• _About this task_
Repeat the lines from the one containing "活动现场,北京广播电视台主持" through the last line of the data, exactly, pictures omitted.

• _Given data_
------------------------------------------------------------------------
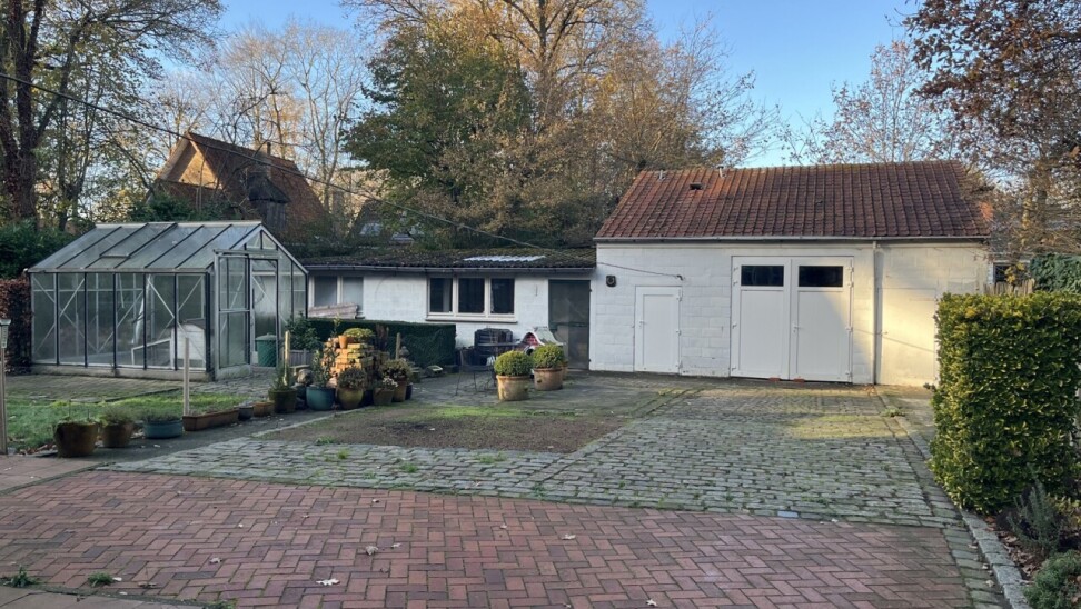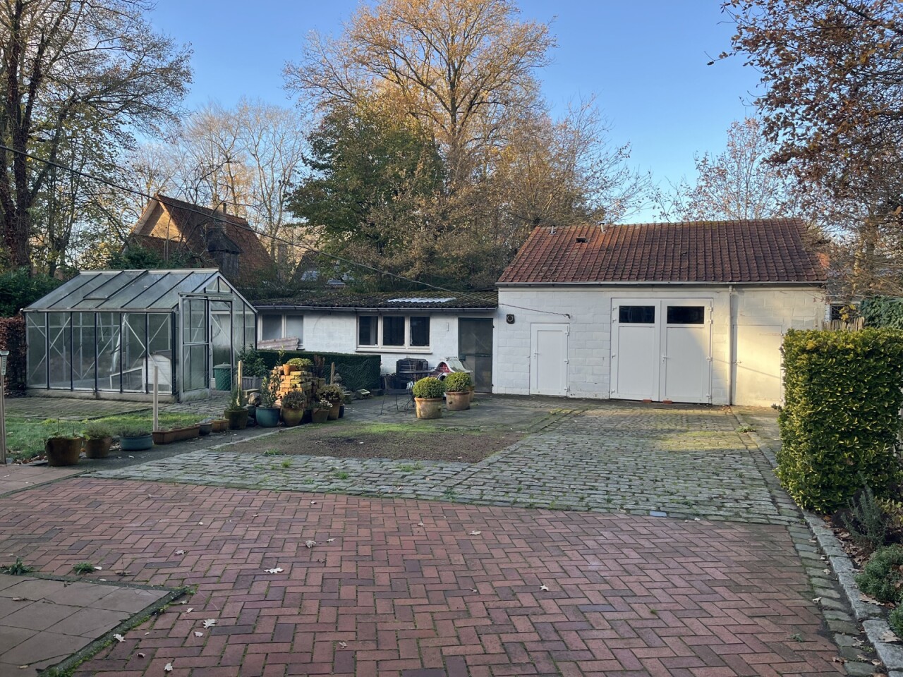 Buiten: oprit, voortuin, zijtuin, achtertuin met terras en bijgebouw/garage.
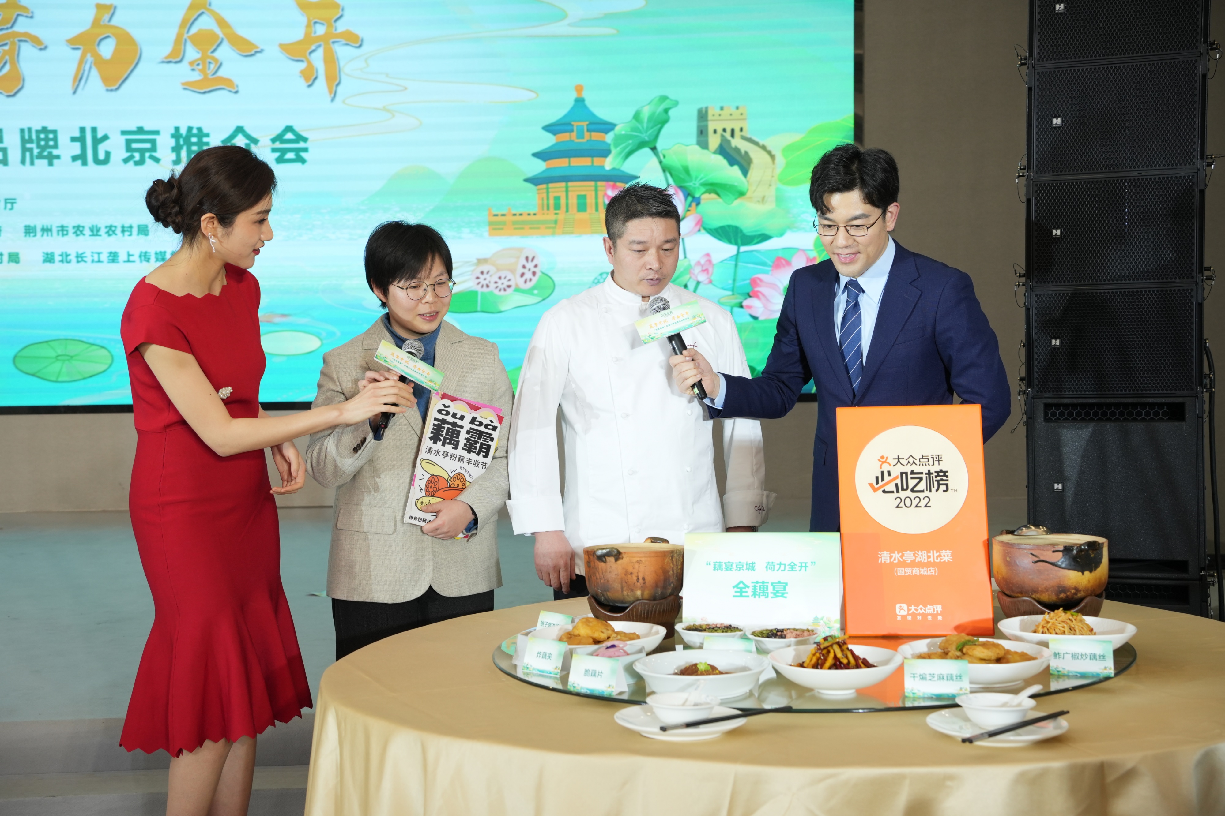 活动现场,北京广播电视台主持人书悦携北京“清水亭·湖北菜”餐厅为在场的北京渠道商和市民,献上了一桌地道的洪湖“全藕宴”。
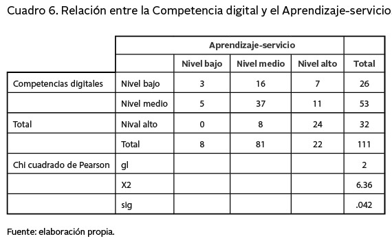 En el cuadro 6 se observa que la prueba Chi cuadrado alcanzó en valor sig. .042, lo que indica que existe relación entre las variables competencia digital y aprendizaje-servicio (ApS).
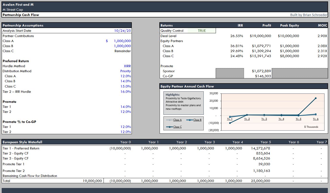 3 - Two-tier promote -- automated IRR hurdles driving promote allocation
------------------------------------------------------------------------
• _Exercise result_
 活动现场,北京广播电视台主持人书悦携北京“清水亭·湖北菜”餐厅为在场的北京渠道商和市民,献上了一桌地道的洪湖“全藕宴”。
 En el cuadro 6 se observa que la prueba Chi cuadrado alcanzó en valor sig. .042, lo que indica que existe relación entre las variables competencia digital y aprendizaje-servicio (ApS).
 3 - Two-tier promote -- automated IRR hurdles driving promote allocation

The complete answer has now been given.